Folha de S. Paulo


Lágrimas (muito) coloridas

Não lembro como cheguei a "Space Funeral", de 2010. Tenho uma lista de games a explorar, formada a partir de sessões de escavação obsessiva da internet, e de vez em quando escolho algum deles a esmo para experimentar. O ideal é mesmo que eu nem me recorde mais de como ele foi parar na lista, porque aí a surpresa é maior.

No caso desse RPG, a estratégia foi um sucesso. Eu não estava preparado para encontrar um cenário de cores berrantes e gráficos em estilo 8-bits que por vezes lembram um "Earthbound" (SNES) em decomposição, com uma trilha sonora melancólica que parece extraída de uma cópia da cópia da cópia de uma fita cassete.

Ilustração Alpino

Como em boa parte dos JRPGs (RPGs japoneses) clássicos, gênero que "Space Funeral" parodia e desconstrói, nosso herói começa a história em casa. Aqui o protagonista é Philip, um garoto careca trajado com pijamas listrados, e tão triste que caminha chorando. Mas, ao contrário dos moleques de cabelos espetados que precisam salvar o mundo nos JRPGs, Philip (que dorme num caixão) sai de casa a contragosto, depois de ter sido expulso pelos pais.

Acompanhado pelo fiel companheiro Cavalo-Perna, que no lugar do pescoço e da cabeça tem uma perna decepada e sanguinolenta, Philip parte para a Caverna Sangrenta para dar início às suas desventuras escatológicas em busca da Cidade das Formas.

É o primeiro movimento de um jogo que se destaca acima de tudo pelo tom quase infantil, ao mesmo tempo ingênuo e cruel, tolo e esperto. É como se fosse obra de uma criança especialmente criativa e mórbida.

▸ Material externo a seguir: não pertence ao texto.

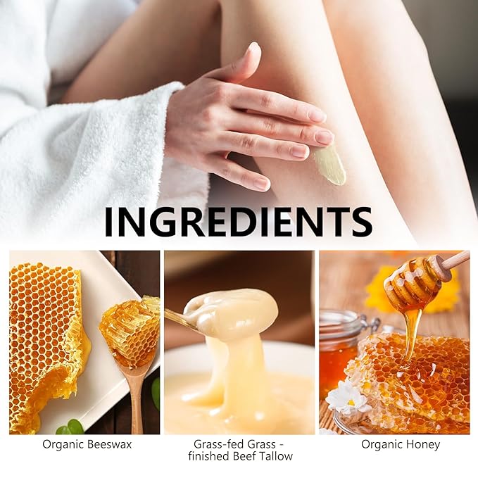 - Natural Ingredients:Our Beef Tallow Honey Balm is crafted with premium grass-fed tallow and pure honey, without artificial additives and cruelty-free ingredients, bringing natural care to your skin.
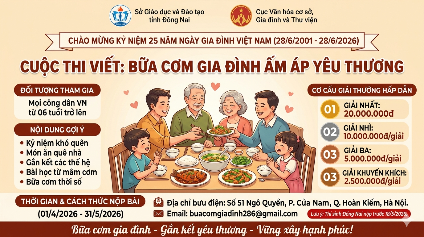 <p style="margin-left:0in;text-align:justify;"><strong>Đối tượng và nội dung tham gia</strong></p><p style="margin-left:0in;text-align:justify;">Cuộc thi dành cho mọi công dân Việt Nam đang cư trú trong và ngoài nước từ 06 tuổi trở lên. Người dự thi có thể lựa chọn viết về những kỷ niệm khó quên gắn với một bước ngoặt của gia đình, hoặc chia sẻ về những món ăn bình dị đậm đà hương vị quê nhà. Bên cạnh đó, các bài dự thi cũng có thể khai thác câu chuyện về bữa cơm giúp hóa giải mâu thuẫn, gắn kết các thế hệ; những bài học đạo đức, lòng biết ơn được giáo dục qua mâm cơm; hoặc những suy nghĩ về &quot;bữa cơm online&quot;, cách duy trì thói quen ăn cùng nhau trong thời đại chuyển đổi số bận rộn.</p><p style="margin-left:0in;text-align:justify;"><strong>Quy định về bài dự thi</strong></p><ul style="list-style-type:disc;"><li><p style="text-align:justify;"><strong>Hình thức:</strong> Bài dự thi được trình bày bằng văn xuôi tiếng Việt, có thể viết tay hoặc đánh máy trên một mặt giấy khổ A4 (đối với bản đánh máy sử dụng cỡ chữ 14, font chữ Times New Roman)</p></li><li><p style="text-align:justify;"><strong>Độ dài:</strong> Bài viết tối đa không quá 1.500 từ, bao gồm một thông điệp ngắn gọn không quá 30 từ.</p></li><li><p style="text-align:justify;"><strong>Đính kèm:</strong> Tác giả có thể gửi kèm hình ảnh (định dạng JPG, PNG) hoặc video (định dạng MP4, dài không quá 30 giây) để minh họa.</p></li><li><p style="text-align:justify;"><strong>Yêu cầu bản quyền:</strong> Bài dự thi phải là sản phẩm sáng tạo mới của chính tác giả, chưa từng vi phạm bản quyền và tuân thủ thuần phong mỹ tục Việt Nam.</p></li></ul><p style="margin-left:0in;text-align:justify;">&nbsp;</p><p style="margin-left:0in;text-align:justify;"><strong>Cơ cấu giải thưởng hấp dẫn</strong></p><p style="margin-left:0in;text-align:justify;">Cuộc thi mang đến những giải thưởng giá trị cho các tác phẩm xuất sắc:</p><ul style="list-style-type:disc;"><li><p style="text-align:justify;"><strong>01 Giải Nhất:</strong> 20.000.000 đồng.</p></li><li><p style="text-align:justify;"><strong>02 Giải Nhì:</strong> 10.000.000 đồng mỗi giải.</p></li><li><p style="text-align:justify;"><strong>03 Giải Ba:</strong> 5.000.000 đồng mỗi giải.</p></li><li><p style="text-align:justify;"><strong>03 Giải Khuyến khích:</strong> 2.500.000 đồng mỗi giải.</p></li></ul><p style="margin-left:0in;text-align:justify;"><strong>Cách thức và thời gian nộp bài</strong></p><p style="margin-left:0in;text-align:justify;">Người dự thi cần điền đầy đủ thông tin vào Phiếu đăng ký dự thi theo mẫu (đối với người dưới 18 tuổi cần có chữ ký xác nhận của cha mẹ hoặc người giám hộ).</p><ul style="list-style-type:disc;"><li><p style="text-align:justify;"><strong>Thời gian nhận bài:</strong> Từ ngày <strong>01/4/2026</strong> đến hết ngày <strong>31/5/2026</strong>.</p></li><li><p style="text-align:justify;"><strong>Địa chỉ nhận bài:</strong> * <strong>Gửi qua bưu điện:</strong> Phòng Công tác gia đình, Cục Văn hoá cơ sở, Gia đình và Thư viện - Số 51 Ngô Quyền, phường Cửa Nam, TP. Hà Nội.</p></li><li><p style="text-align:justify;"><strong>Gửi qua thư điện tử:</strong> buacomgiadinh286@gmail.com.</p></li></ul><p style="margin-left:0in;text-align:justify;"><i><strong><u>Lưu ý:</u></strong></i> Ngoài bì thư hoặc tiêu đề email cần ghi rõ: <i>“Bài viết tham gia Cuộc thi viết về Bữa cơm gia đình ấm áp yêu thương”</i>.</p><p style="margin-left:0in;text-align:justify;">Riêng đối với cán bộ, giáo viên và học sinh trên địa bàn tỉnh Đồng Nai, sau khi hoàn thiện bài dự thi đúng thể lệ, các cá nhân tổng hợp và gửi về Sở Văn hóa, Thể thao và Du lịch tỉnh Đồng Nai (qua Phòng Quản lý văn hóa) trước ngày <strong>18/5/2026</strong> để được hỗ trợ gửi về Ban tổ chức.</p><p style="margin-left:0in;">Lễ trao giải dự kiến sẽ diễn ra trong dịp kỷ niệm Ngày Gia đình Việt Nam, từ ngày 20/6 đến 28/6/2026. Chi tiết xin mời xem file “Thể lệ cuộc thi”</p><p style="margin-left:0in;text-align:right;"><strong>“Bữa cơm gia đình - Gắn kết yêu thương - Vững xây hạnh phúc!”</strong></p><p style="margin-left:0in;text-align:justify;"><img src="https://daiphuoc.dongnai.gov.vn/uploads/daiphuoc/news/2026_03/image_152.png" width="1376" height="768" /></p>
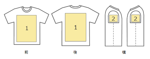 | プリント箇所 | サイズ | プリントサイズ (cm) |

Essa sensação se sustenta até o jogador perceber que o enredo tem referências platônicas e tudo é bem menos nonsense do que parece, ainda que o jogo se passe num mundo em que um NPC (personagem não controlado pelo jogador) chamado "Músculo Sábio" recomenda que sejam usados filmes antigos para combater fantasmas, pois eles são "sentimentais".

Falando em combate, como em todo o resto de "Space Funeral", a coisa funciona da maneira clássica dos JRPGs: batalhas em turno, com uma implementação rudimentar "active time". A graça está nos poderes e itens: Philip pode chorar para que o inimigo entre em conflito moral, por exemplo.

O resto é a "comfort food" de sempre –"grinding", exploração, acúmulo de dinheiro (aqui, rublos) para melhorar o equipamento etc. Às vezes vem à mente a já citada (e brilhante) série de JRPGs "Mother" e a estética dos (ótimos) jogos de Edmund McMillen, como "The Binding of Isaac" e "Super Meat Boy", mas o saldo final é algo inteiramente novo, um game de fato autoral.

"Space Funeral" é uma experiência despretensiosa, divertida e muito recomendável até pelo baixo investimento necessário: o jogo é gratuito e é possível chegar ao final em três horas, mesmo indo bem devagar e explorando cada canto do cenário. Pesquisando sobre o autor, Stephen Murphy (conhecido como thecatamites), descobri dezenas de outros jogos, todos parecendo adoravelmente estranhos e (ótima surpresa) bem diferentes entre si. Já sei o que vou jogar nos próximos dias.